Solved

Fixing dead paths (powerpath) on AIX 5.3 and AIX 5.2

Posted on 2013-01-21
6
1,960 Views
Last Modified: 2013-01-23
Recently I was involved with migrating SAN, Our Storage folks are replacing there old SAN switches with NEW switches. New cables were layed out from the NEW switch and all I had to do is to remove fcs0 old connection and replace it with new connection from the new switch and vice versa on fcs1. So this is what happens

1.      Physically disconnect OLD fibre from fcs0 and reconnect it with the new fibre
2.      Fix the dead paths
3.      Physically disconnect OLD fibre from fcs1 and reconnect it with the new fibre
4.      Fix the dead paths.

Since powerpath was installed on these servers, I should be able to run the below commands to fix the dead paths in 2 & 4
  # powermt check
  # powermt config

Now the question is, I am able to run these commands and fix dead paths on AIX 5.2 but on AIX 5.3 my “powermt check” hangs, this is not a particular case, This is will all the servers I am working on and the only resolution is to reboot the servers for the paths to come alive.

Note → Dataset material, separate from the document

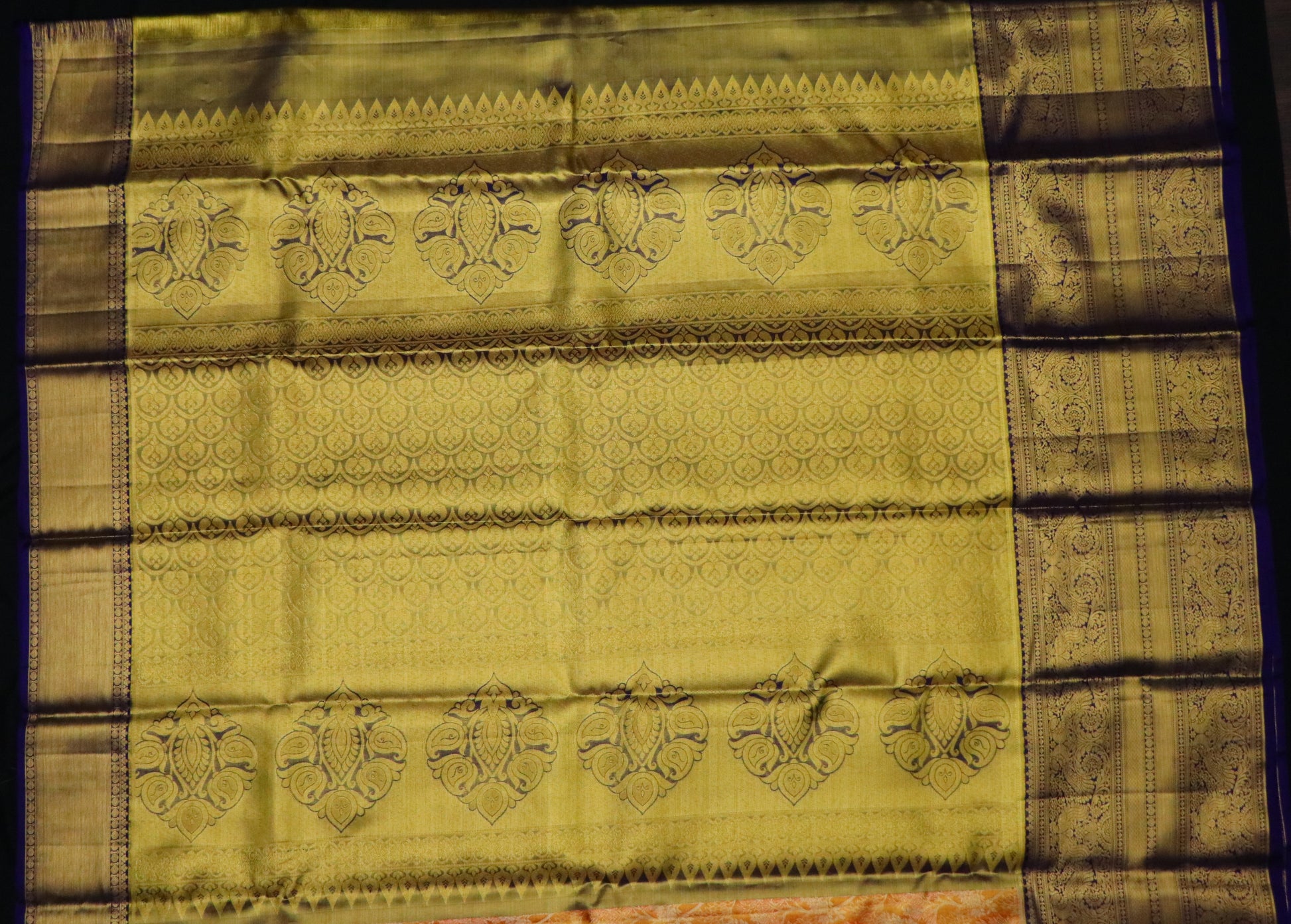 ✔ Distinct navy antique gold zari border with peacock and floral designs

Why is this happening on AIX 5.3, Is there any other way to fix the dead paths other than rebooting
0
Comment
Question by:mnis2008
  • 3
  • 2
6 Comments
 
LVL 47

Expert Comment

by:dlethe
ID: 38801881
Do you have any processes running with open files/handles that use the other path?   If so, MAYBE a kill -9 will let you run the powermt  successfully.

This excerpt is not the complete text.